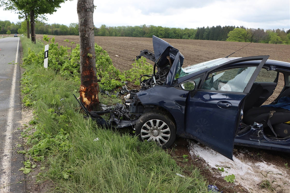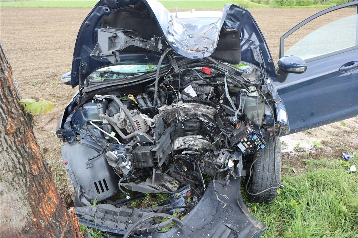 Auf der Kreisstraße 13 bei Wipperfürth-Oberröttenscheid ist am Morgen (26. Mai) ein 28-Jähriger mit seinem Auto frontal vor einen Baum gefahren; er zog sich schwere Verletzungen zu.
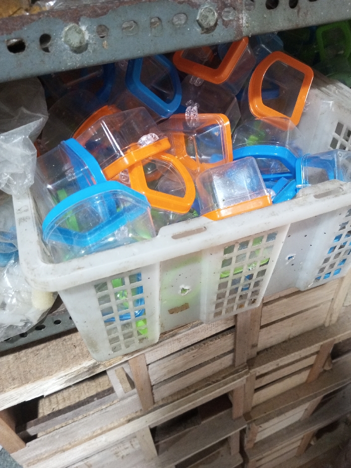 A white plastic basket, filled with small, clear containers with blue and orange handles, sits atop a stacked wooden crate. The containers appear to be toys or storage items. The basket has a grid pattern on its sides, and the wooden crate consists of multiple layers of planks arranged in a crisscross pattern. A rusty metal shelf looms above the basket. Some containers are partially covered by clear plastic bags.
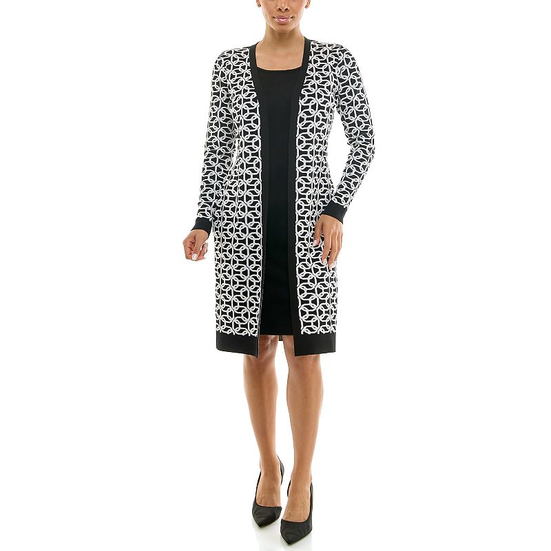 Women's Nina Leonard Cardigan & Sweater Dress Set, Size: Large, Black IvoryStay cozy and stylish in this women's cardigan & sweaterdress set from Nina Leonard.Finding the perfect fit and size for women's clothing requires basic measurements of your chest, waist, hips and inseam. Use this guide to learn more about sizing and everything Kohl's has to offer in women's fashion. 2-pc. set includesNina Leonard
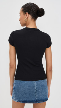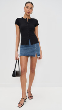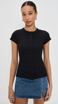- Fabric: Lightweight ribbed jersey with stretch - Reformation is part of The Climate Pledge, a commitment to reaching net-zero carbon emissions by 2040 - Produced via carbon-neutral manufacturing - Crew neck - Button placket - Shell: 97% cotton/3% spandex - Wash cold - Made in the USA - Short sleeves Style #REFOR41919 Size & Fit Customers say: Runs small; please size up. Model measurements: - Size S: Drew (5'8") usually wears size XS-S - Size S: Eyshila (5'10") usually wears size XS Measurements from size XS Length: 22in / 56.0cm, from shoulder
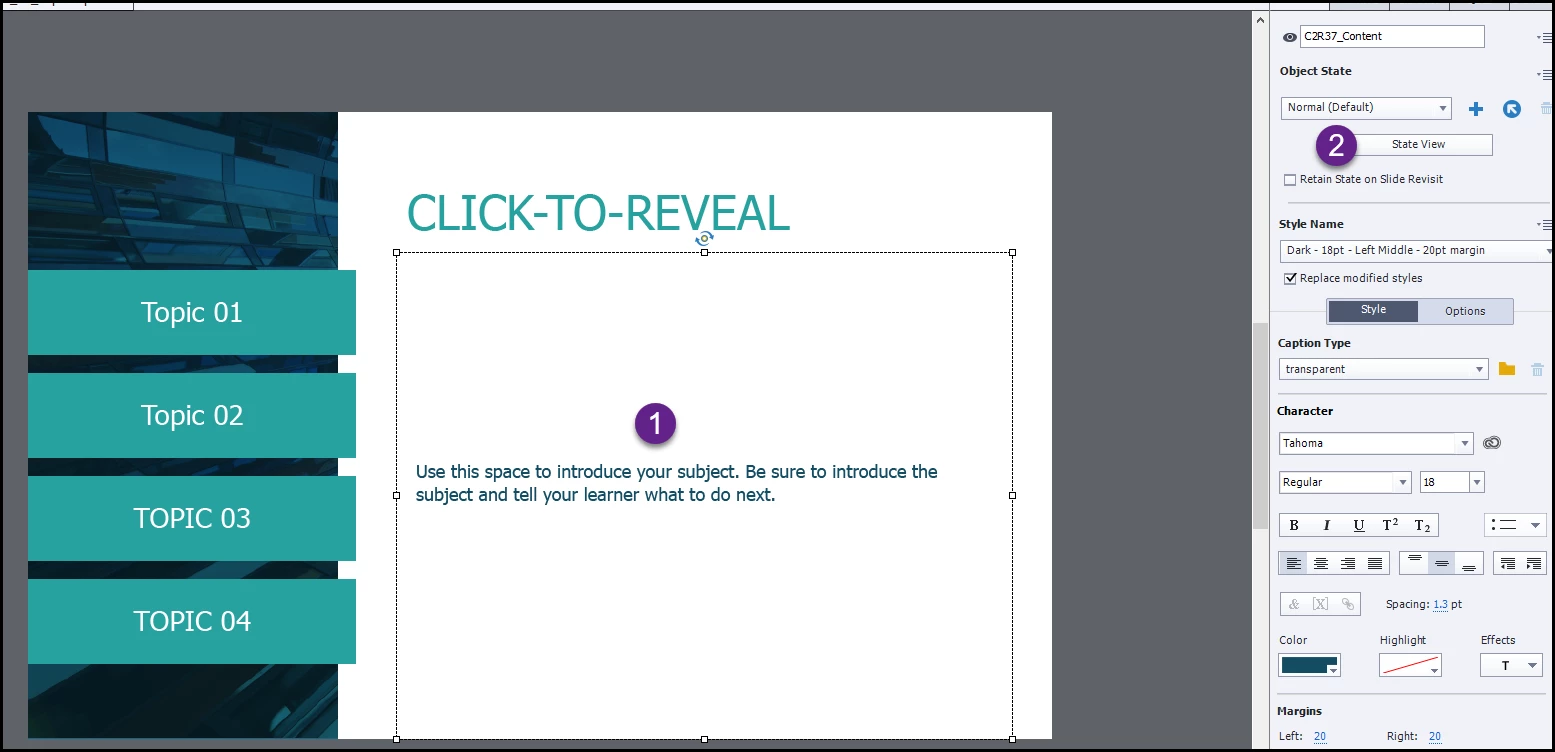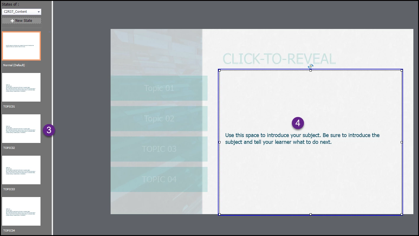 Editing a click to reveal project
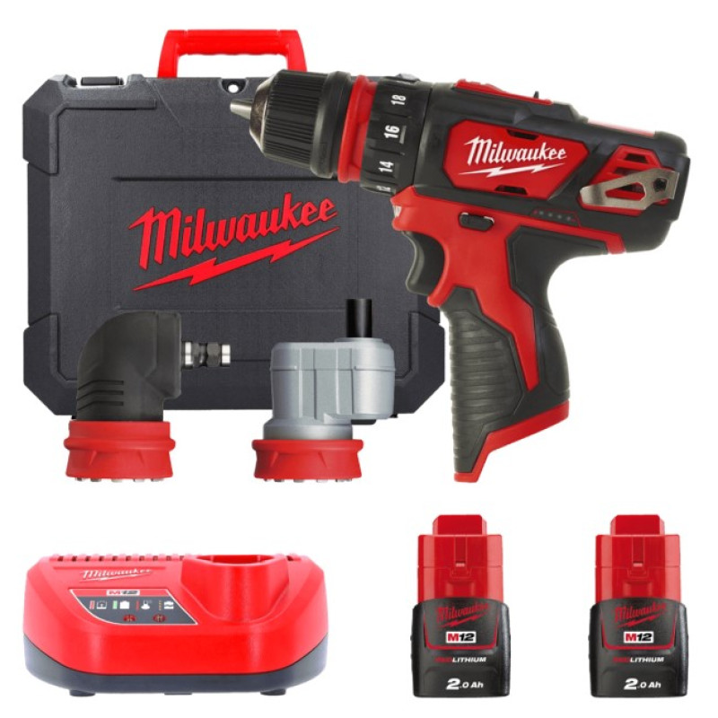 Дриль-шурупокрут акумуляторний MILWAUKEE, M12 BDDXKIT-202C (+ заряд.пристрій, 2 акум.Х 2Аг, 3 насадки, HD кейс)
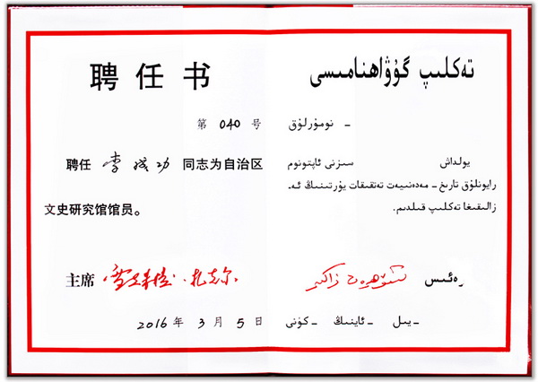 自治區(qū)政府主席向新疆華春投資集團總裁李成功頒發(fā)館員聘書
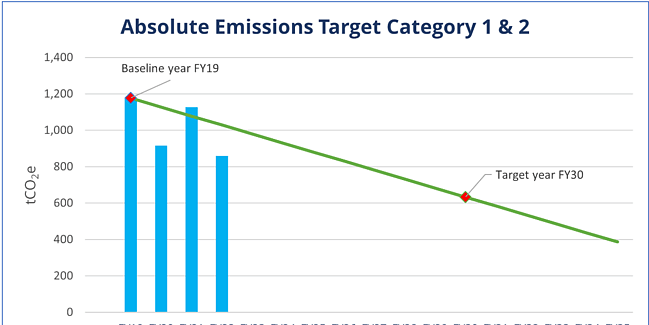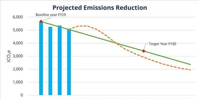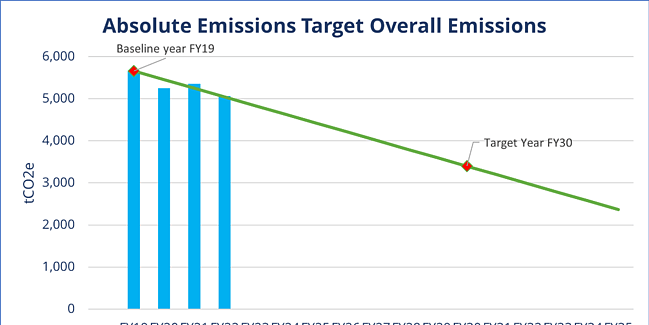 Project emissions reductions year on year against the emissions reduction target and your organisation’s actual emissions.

...

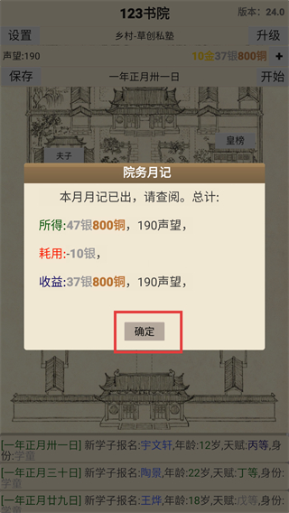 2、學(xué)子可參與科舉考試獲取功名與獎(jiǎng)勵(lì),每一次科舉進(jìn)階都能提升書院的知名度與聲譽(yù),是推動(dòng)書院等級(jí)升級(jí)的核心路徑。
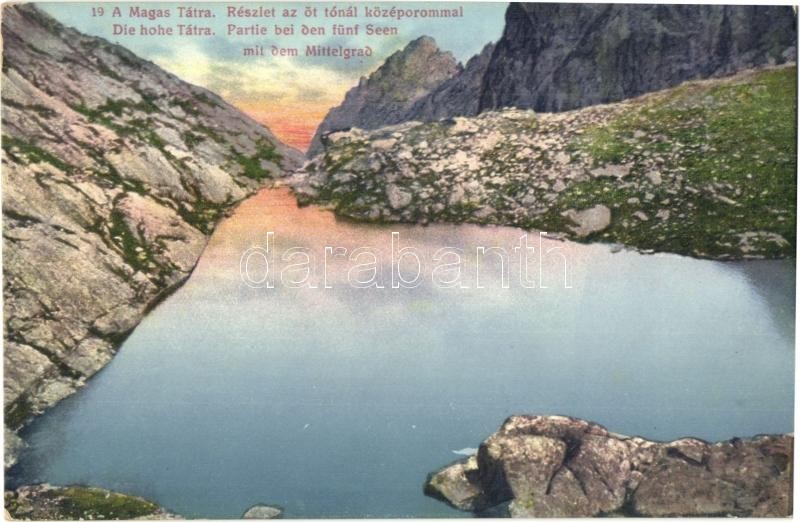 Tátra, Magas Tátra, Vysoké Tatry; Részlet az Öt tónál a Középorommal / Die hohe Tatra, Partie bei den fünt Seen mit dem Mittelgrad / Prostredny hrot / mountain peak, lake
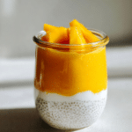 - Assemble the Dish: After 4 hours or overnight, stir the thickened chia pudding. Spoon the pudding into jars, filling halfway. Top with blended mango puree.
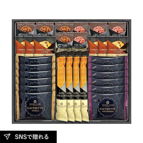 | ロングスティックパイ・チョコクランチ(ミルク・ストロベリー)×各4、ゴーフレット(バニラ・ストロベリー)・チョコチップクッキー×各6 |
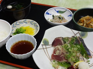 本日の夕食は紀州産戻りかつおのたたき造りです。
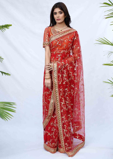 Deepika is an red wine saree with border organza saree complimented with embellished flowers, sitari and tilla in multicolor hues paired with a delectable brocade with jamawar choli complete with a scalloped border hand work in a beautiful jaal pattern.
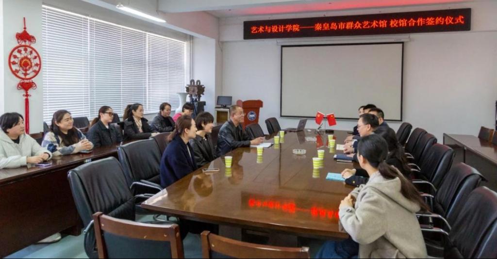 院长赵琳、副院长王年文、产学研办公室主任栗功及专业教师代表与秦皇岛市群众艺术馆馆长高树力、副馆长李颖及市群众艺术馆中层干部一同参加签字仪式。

--

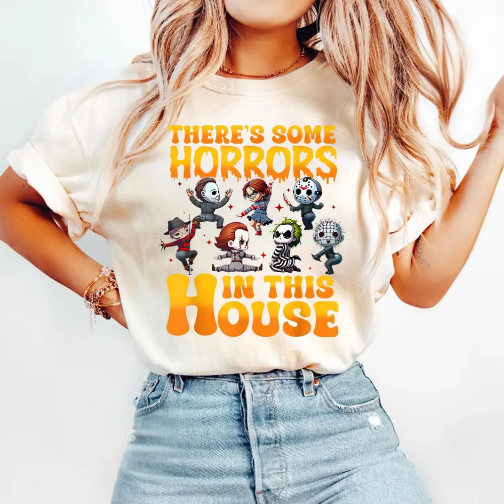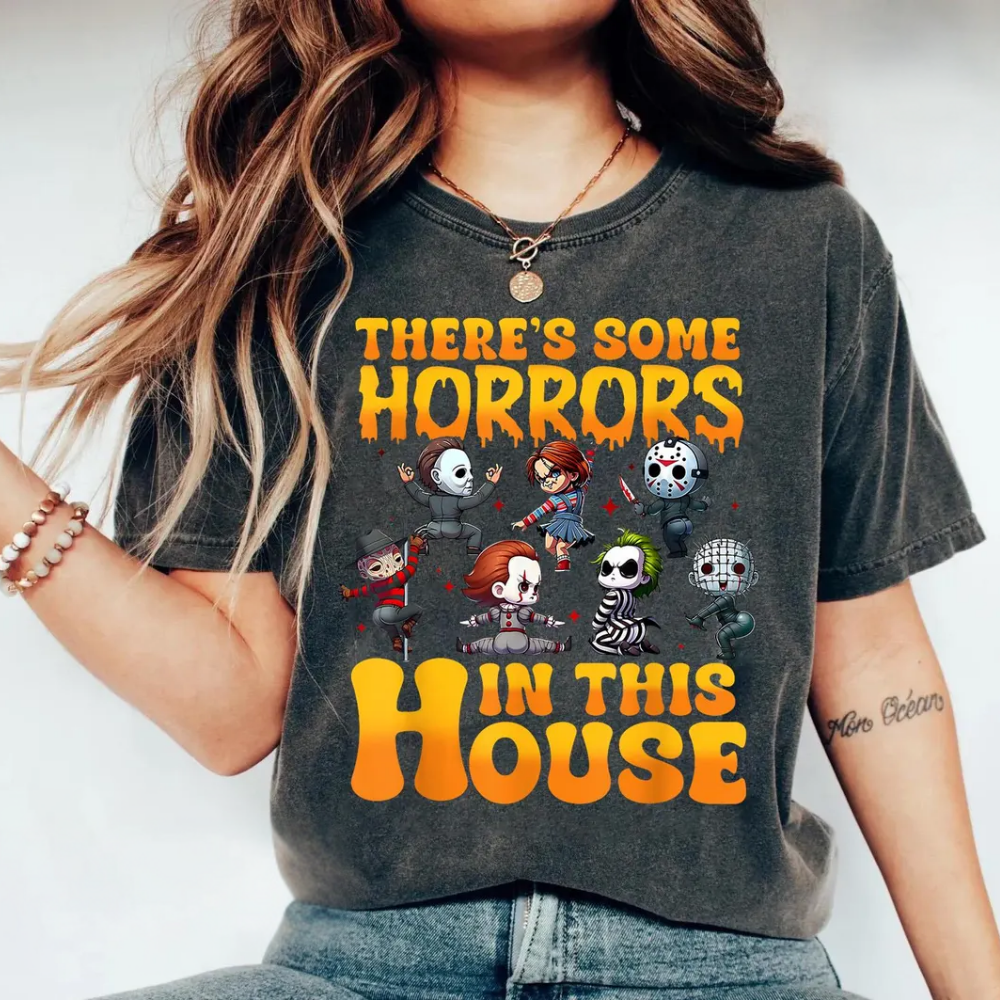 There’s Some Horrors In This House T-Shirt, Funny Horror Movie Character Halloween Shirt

What is needed.
In the listing above, find the line with "2、學(xué)子可參與科舉" and output every line through the one with "- Assemble the", exactly, without the pictures.

Result of the task.
 2、學(xué)子可參與科舉考試獲取功名與獎(jiǎng)勵(lì),每一次科舉進(jìn)階都能提升書院的知名度與聲譽(yù),是推動(dòng)書院等級(jí)升級(jí)的核心路徑。
 Tátra, Magas Tátra, Vysoké Tatry; Részlet az Öt tónál a Középorommal / Die hohe Tatra, Partie bei den fünt Seen mit dem Mittelgrad / Prostredny hrot / mountain peak, lake
 - Assemble the Dish: After 4 hours or overnight, stir the thickened chia pudding. Spoon the pudding into jars, filling halfway. Top with blended mango puree.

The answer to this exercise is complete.